The interview turns inward. Ross wonders whether moral people should stay in high-risk areas to help or move their families to safer ground. “If I flee to safety,” he muses, “am I abandoning the places where I could do the most good?”
Fisher doesn’t offer absolutes. She admits her own privilege living behind the Thames Barrier in London but acknowledges how personal these choices are. “You weigh your risks,” she says. “But we also have to think about climate gentrification — who gets left behind when the safe zones fill up?”
He likens it to education or healthcare: the tension between doing what’s best for your own and what’s best for the collective. There are no clean answers, only trade-offs we have to face honestly.
🪖 The Military, Nature, and Other Blind Spots
Some of the most striking parts of Fisher’s book deal with what she calls the invisible frontiers of adaptation:
Militarization of disaster response: Armies are already being repurposed for flood relief, firefighting, and emergency logistics; a pragmatic shift that raises ethical questions about who benefits and who’s excluded.
Nature’s adaptation: Climate change forces ecosystems to move; species shifting northward or uphill in search of survivable temperatures. Adaptation must include helping nature adapt, not just humans.
Land use and agriculture: Reforming agricultural subsidies is “tricky business,” she says with British understatement. Farmers aren’t villains; they’re struggling. Any transition must feel fair.
Ross and Fisher agree that real adaptation will require empathy and negotiation, not moral bludgeons.
🌾 Just Transitions and Political Timeframes
Adaptation, Fisher notes, runs on long timelines with decades of planning, coordination, and investment. Politics doesn’t. That’s the core dilemma: long-term risk management rarely wins short-term elections.

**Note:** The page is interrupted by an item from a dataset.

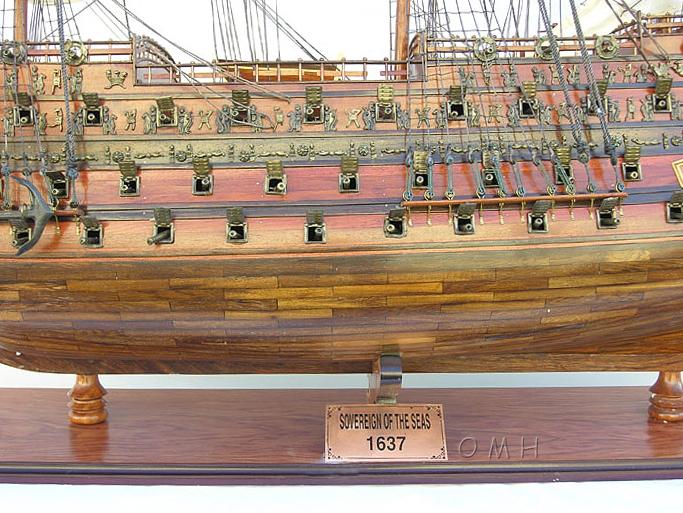 H.M.S. Sovereign of the Seas, launched in 1637, was the most powerfully armed ship in the world in its day. It was originally going to have 90 guns, but King Charles I personally insisted that a "great ship" be built for the English Royal Navy, so it went to sea with 102 bronze guns. The vessel was the most extravagantly decorated warship in the Royal Navy, completely adorned from stern to bow with gilded carvings. The ship was later renamed Sovereign and then Royal Sovereign. It was destroyed by fire in 1697 in Chatham.

She points to ideas like independent climate committees (the UK’s Climate Change Committee) or youth advisory councils to extend policy time horizons. But ultimately, she says, adaptation must connect to things people already care about: jobs, security, food, and dignity.
🕊️ Moral Leadership and Stubborn Optimism
In the final stretch, Ross and Fisher trade ideas about leadership, from monarchs to movie stars. The royals’ eco-activism may not resonate with ordinary people, Fisher admits, but “we’ll need unconventional leaders, anyone who can shift moral tone.”
She calls for “stubborn optimism,” not the easy kind that denies pain but the kind that keeps showing up anyway. Adaptation work, she says, demands both empathy and endurance, a politics of grief that refuses to calcify into despair.
🌱 Final Reflection
In Fisher’s framing, adaptation is neither failure nor fallback. It’s a practice of courage to keep working, keep helping, and keep imagining better futures even when the world doesn’t reward you for it.
“Every fraction of a degree counts,” she repeats.
“We can always stop it getting worse.”




The shift from mitigation to adaptaton is hard to swallow but necesary. We need both strategies running in paralel now, not one or the other.